## DATASET CONTENT
+-------+
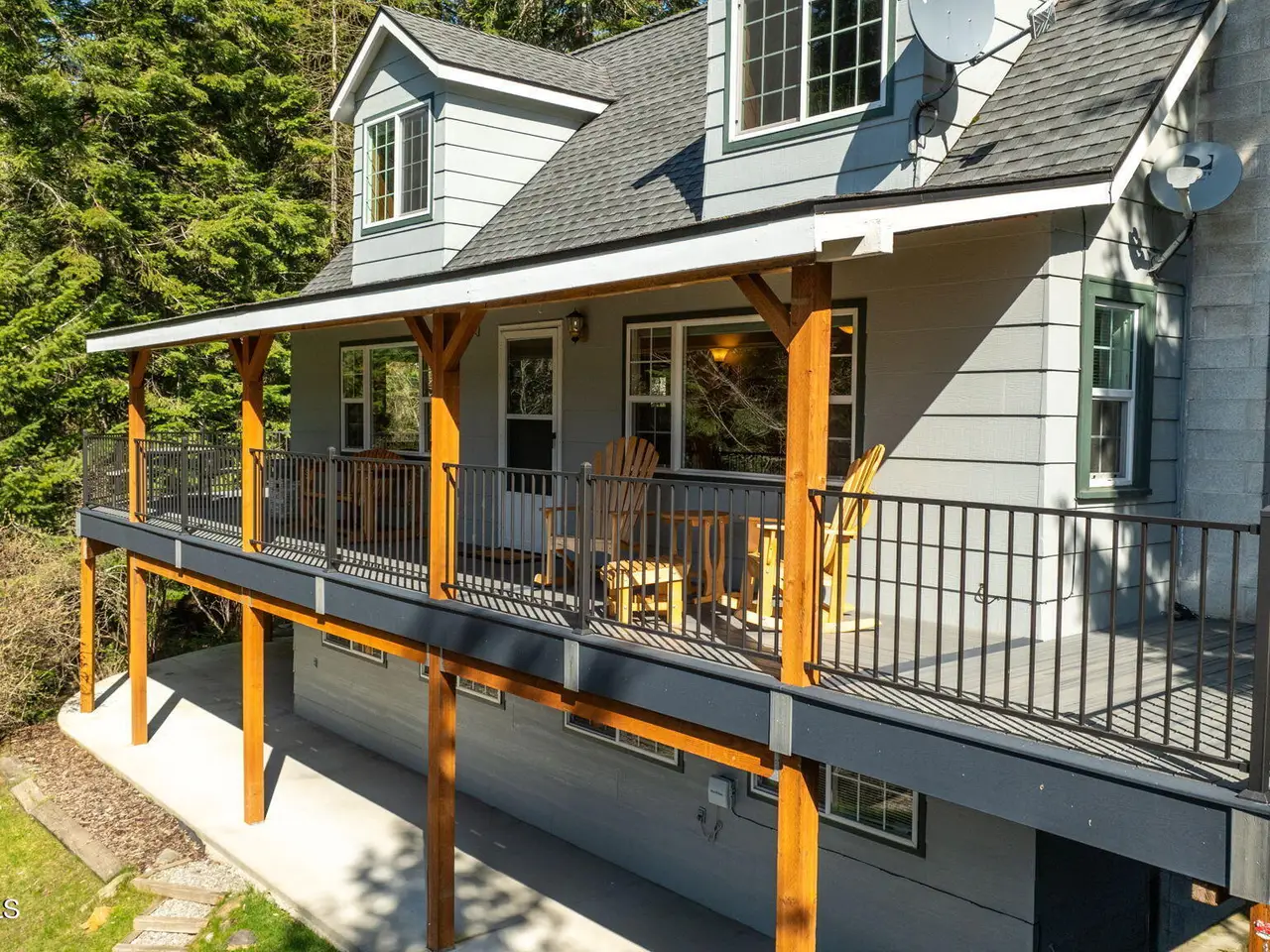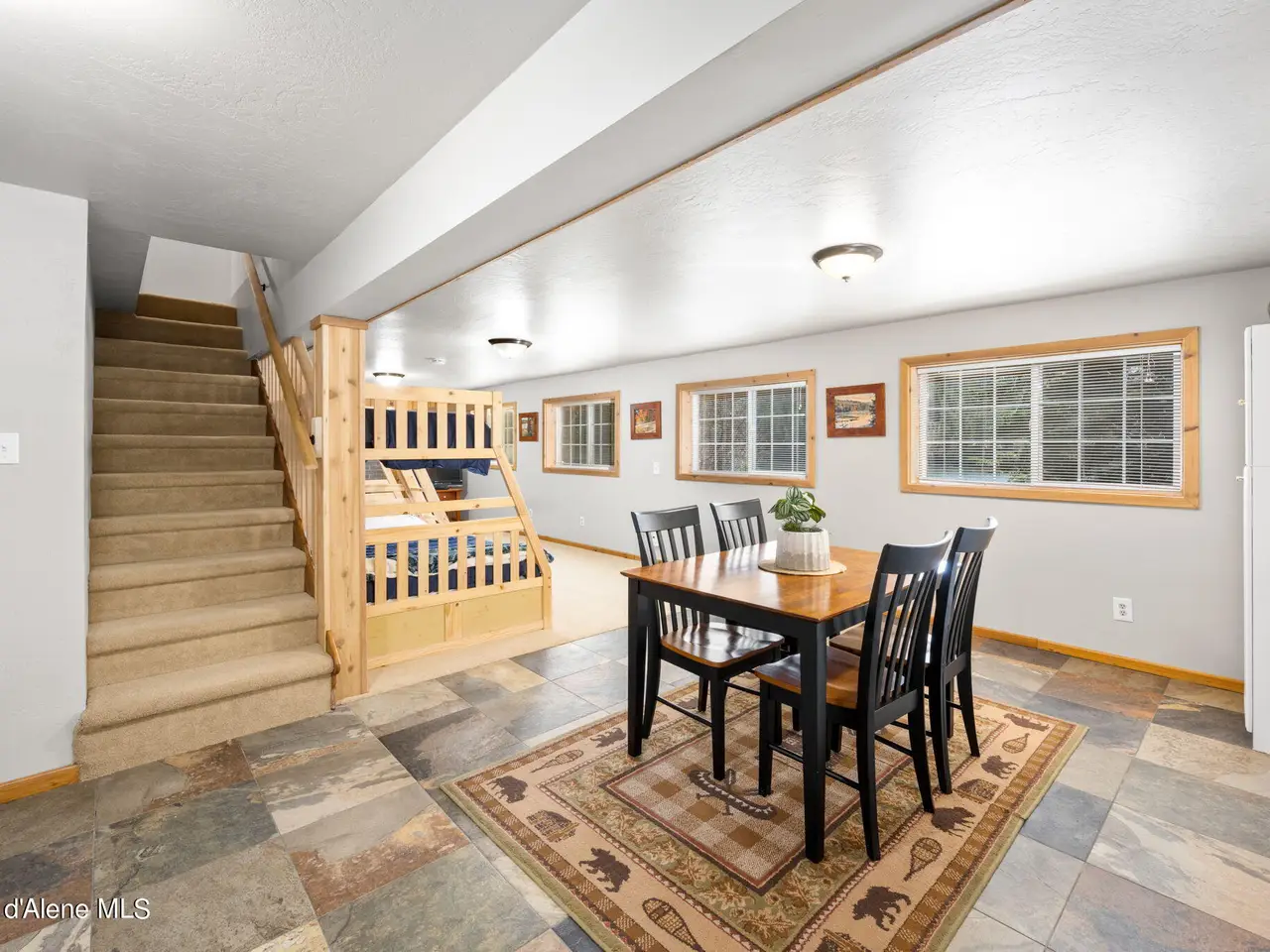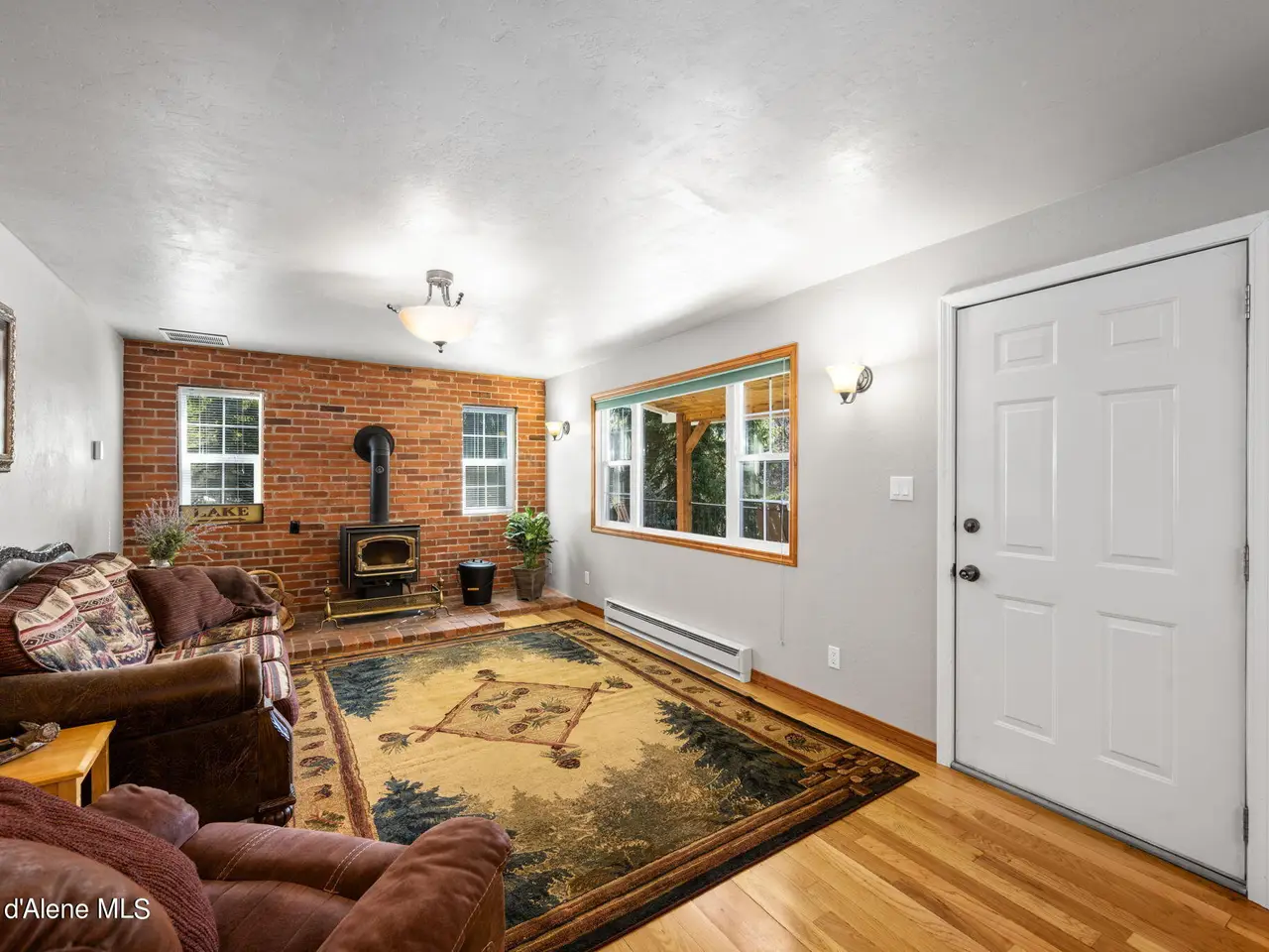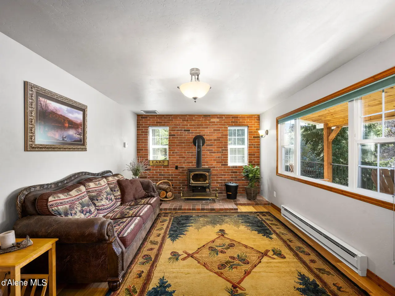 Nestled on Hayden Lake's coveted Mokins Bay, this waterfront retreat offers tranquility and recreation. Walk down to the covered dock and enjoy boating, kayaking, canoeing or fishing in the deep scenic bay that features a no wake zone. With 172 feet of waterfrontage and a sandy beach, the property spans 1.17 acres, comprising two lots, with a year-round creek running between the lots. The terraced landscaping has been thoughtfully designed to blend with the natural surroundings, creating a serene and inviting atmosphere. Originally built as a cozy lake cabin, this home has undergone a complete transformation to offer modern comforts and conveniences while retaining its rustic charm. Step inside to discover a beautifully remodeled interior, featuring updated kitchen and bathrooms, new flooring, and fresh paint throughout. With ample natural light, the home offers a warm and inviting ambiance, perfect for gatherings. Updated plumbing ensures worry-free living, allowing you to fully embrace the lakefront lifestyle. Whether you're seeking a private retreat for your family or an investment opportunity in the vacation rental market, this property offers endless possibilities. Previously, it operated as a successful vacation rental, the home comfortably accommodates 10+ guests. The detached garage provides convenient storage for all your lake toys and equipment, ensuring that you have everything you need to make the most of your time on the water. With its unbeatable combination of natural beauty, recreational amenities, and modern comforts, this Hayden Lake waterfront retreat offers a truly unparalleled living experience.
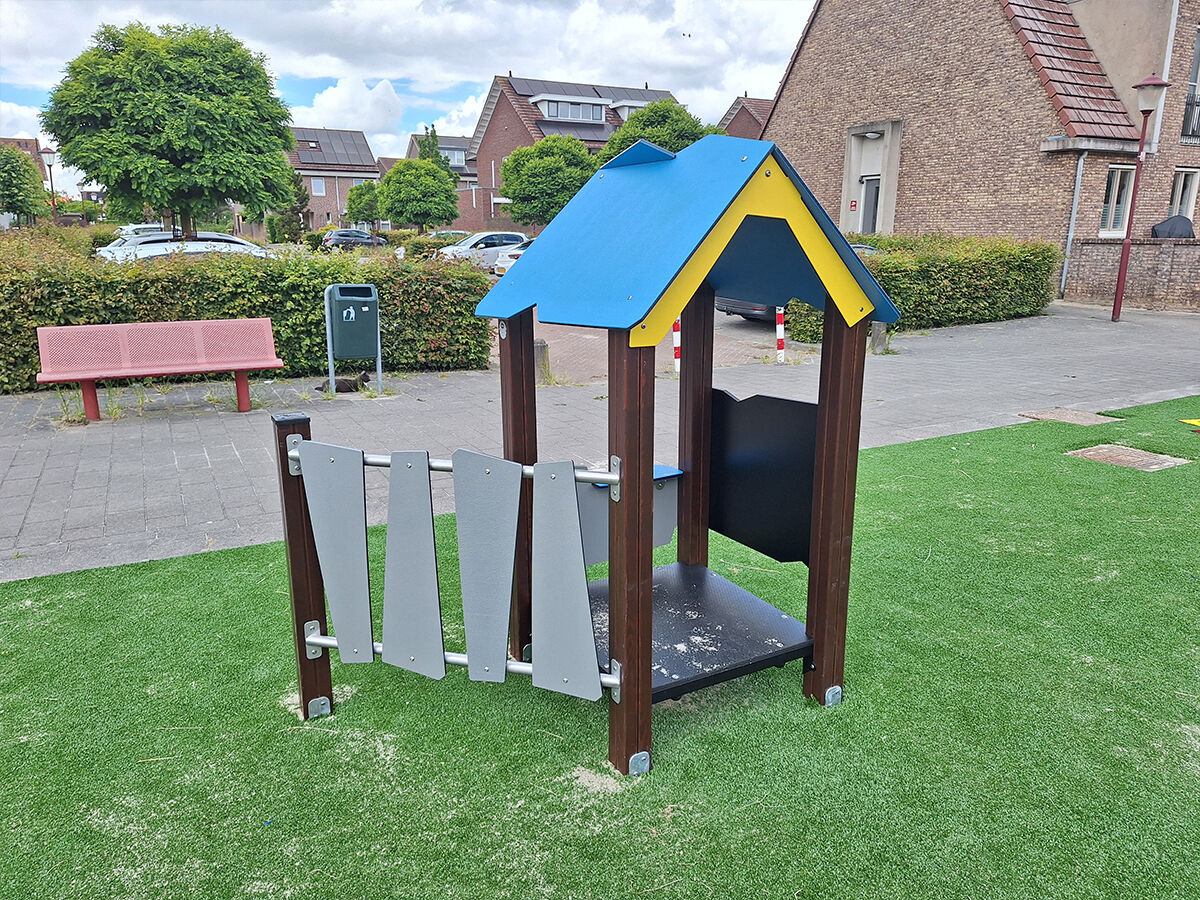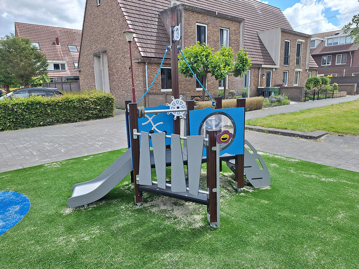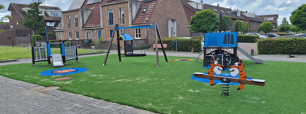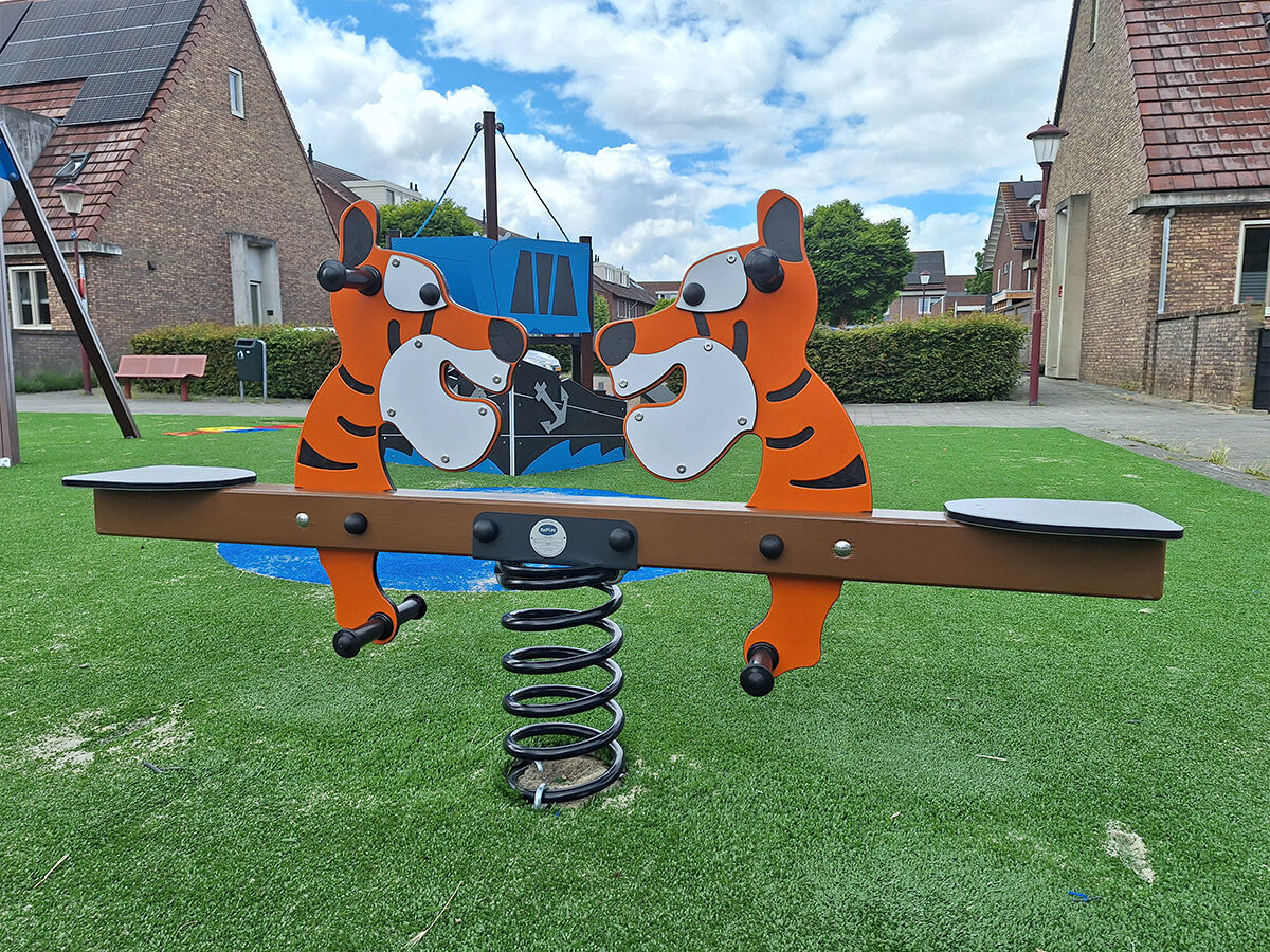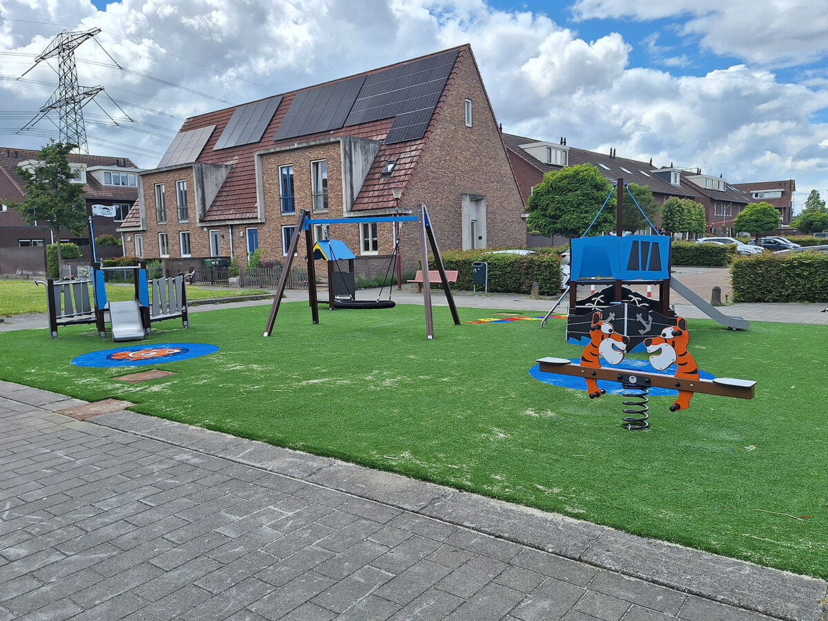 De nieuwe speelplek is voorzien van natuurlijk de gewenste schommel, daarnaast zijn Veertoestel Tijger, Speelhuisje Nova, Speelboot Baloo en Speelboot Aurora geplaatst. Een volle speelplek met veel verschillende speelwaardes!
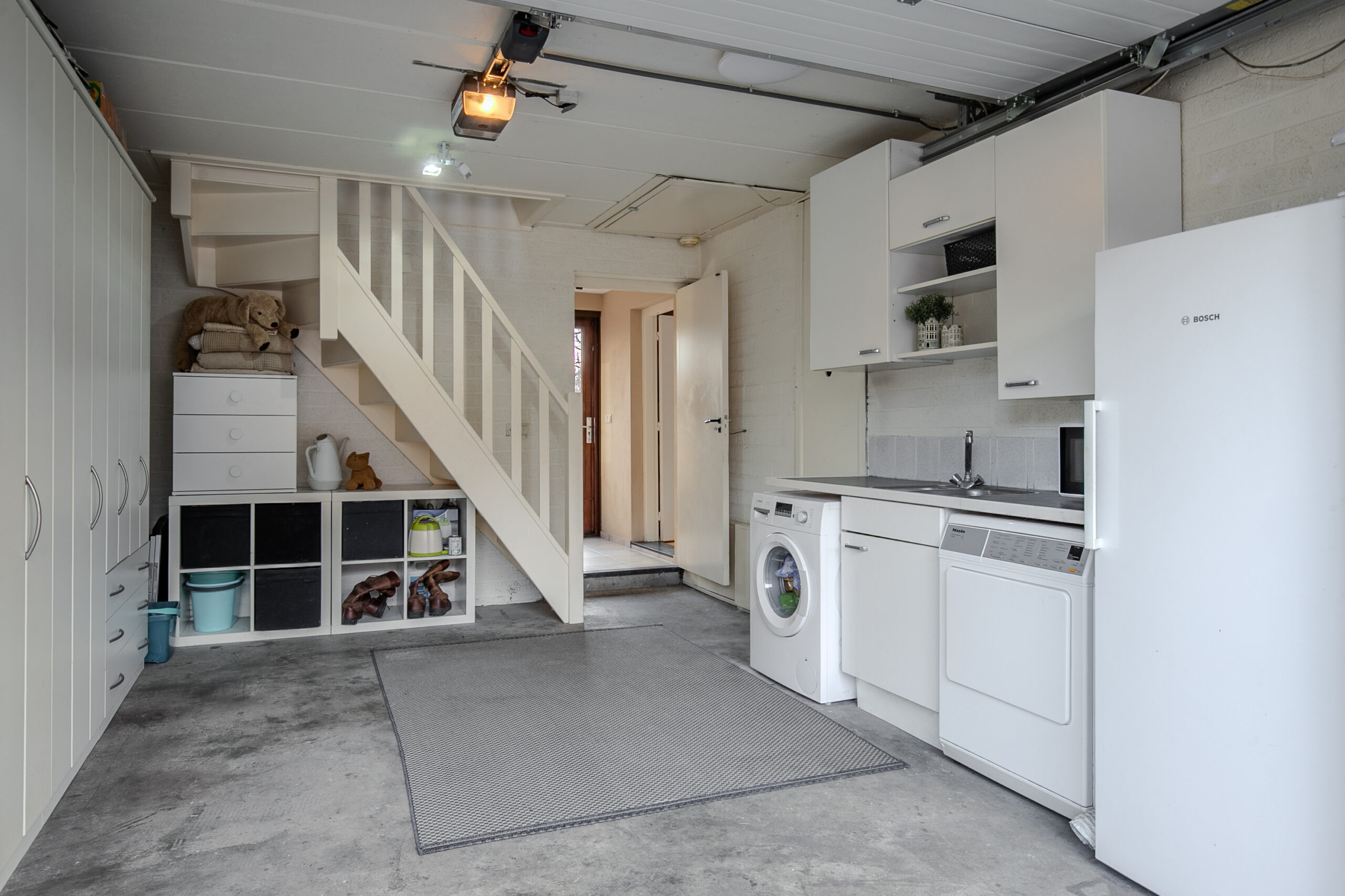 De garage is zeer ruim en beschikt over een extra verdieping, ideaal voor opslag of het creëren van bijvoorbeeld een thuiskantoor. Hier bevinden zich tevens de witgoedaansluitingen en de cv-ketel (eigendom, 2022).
+-------+
## EXERCISE
Retype word for word all the material given above, and keep the pictures out.

## RESULT OF THE EXERCISE
 Nestled on Hayden Lake's coveted Mokins Bay, this waterfront retreat offers tranquility and recreation. Walk down to the covered dock and enjoy boating, kayaking, canoeing or fishing in the deep scenic bay that features a no wake zone. With 172 feet of waterfrontage and a sandy beach, the property spans 1.17 acres, comprising two lots, with a year-round creek running between the lots. The terraced landscaping has been thoughtfully designed to blend with the natural surroundings, creating a serene and inviting atmosphere. Originally built as a cozy lake cabin, this home has undergone a complete transformation to offer modern comforts and conveniences while retaining its rustic charm. Step inside to discover a beautifully remodeled interior, featuring updated kitchen and bathrooms, new flooring, and fresh paint throughout. With ample natural light, the home offers a warm and inviting ambiance, perfect for gatherings. Updated plumbing ensures worry-free living, allowing you to fully embrace the lakefront lifestyle. Whether you're seeking a private retreat for your family or an investment opportunity in the vacation rental market, this property offers endless possibilities. Previously, it operated as a successful vacation rental, the home comfortably accommodates 10+ guests. The detached garage provides convenient storage for all your lake toys and equipment, ensuring that you have everything you need to make the most of your time on the water. With its unbeatable combination of natural beauty, recreational amenities, and modern comforts, this Hayden Lake waterfront retreat offers a truly unparalleled living experience.
 De nieuwe speelplek is voorzien van natuurlijk de gewenste schommel, daarnaast zijn Veertoestel Tijger, Speelhuisje Nova, Speelboot Baloo en Speelboot Aurora geplaatst. Een volle speelplek met veel verschillende speelwaardes!
 De garage is zeer ruim en beschikt over een extra verdieping, ideaal voor opslag of het creëren van bijvoorbeeld een thuiskantoor. Hier bevinden zich tevens de witgoedaansluitingen en de cv-ketel (eigendom, 2022).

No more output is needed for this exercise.